We are sitting on a bench in a beautiful park, surrounded by trees and water. The ground is sun-drenched with flowers, all of them red. She looks beautiful sitting there in a rich burgundy velvet dress, her hair a storm of russet swept up to reveal passionately riveting blue eyes. She looks as she did the first day that I saw her… fiery, willful, alive.
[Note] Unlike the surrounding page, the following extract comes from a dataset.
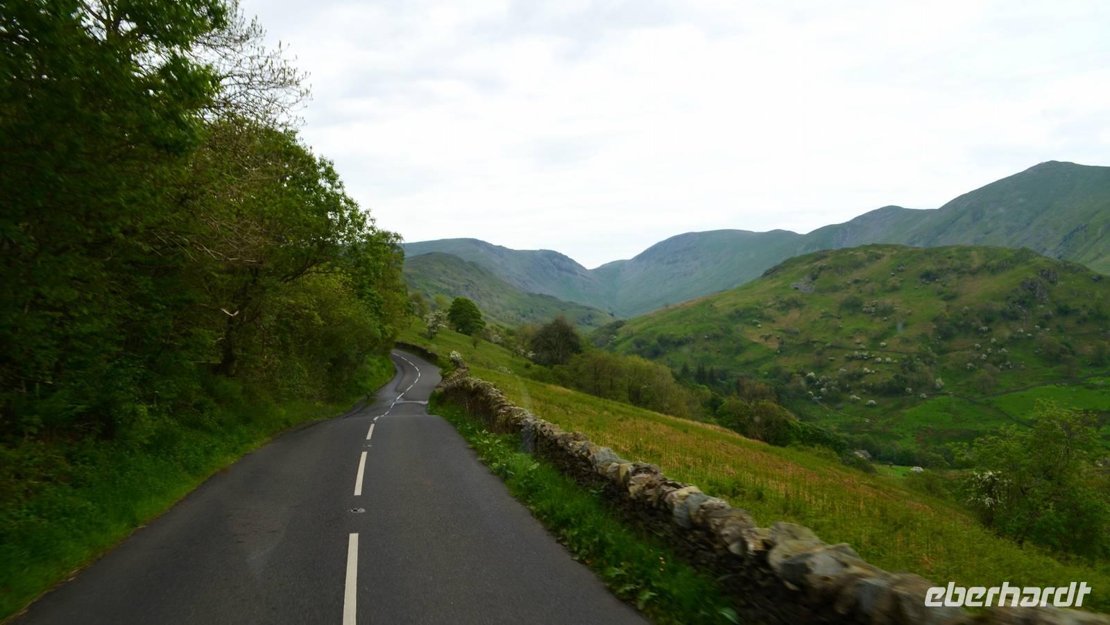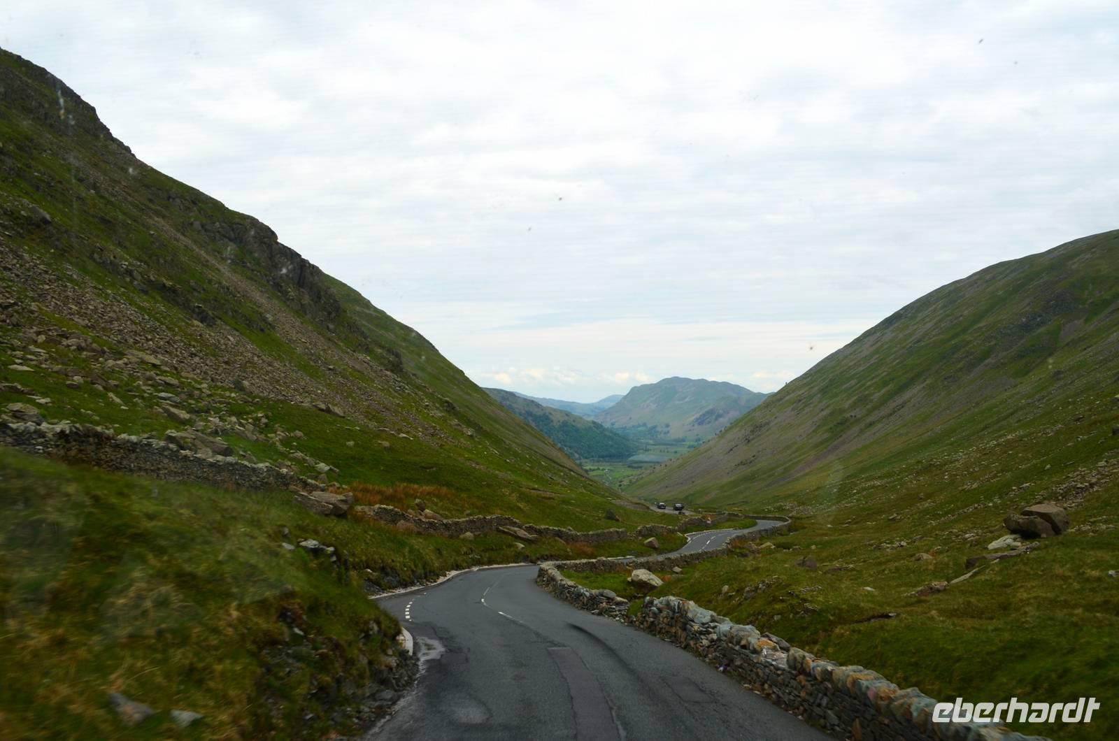 wir hinauf ins Gebirge zum Kirkstone Pass, wo wir bei einem Fotostopp die schöne Aussicht genießen und uns unser Mittag schmecken lassen. Dann gehts hinunter ins Gebiet der nördlichen Seen und am Lake Ullswater entlang

She is winding red ribbon up onto a spool, and I am holding onto the end of it, trying to help her keep it from becoming tangled. She glances up at me and I can barely hold her gaze as she says,
"There is nothing that can be done about the past. No matter what atrocities one has committed against his or her fellow man, once they are done there is no going back. Regret is the worst part of being able to feel… regret over things said and done, or things that were not."
I can only look down at my hands, but that is no good because they are covered with blood. The blood is getting all over the ribbon, but it doesn't matter because the ribbon is already red. She continues,
"You are about to experience the full gamut of what it means to be human and you will have many responsibilities to confront, not the least of which is to be a father to your children; it will no longer be enough to simply provide food and shelter, as their intellectual and emotional growth are now inexorably tied to yours."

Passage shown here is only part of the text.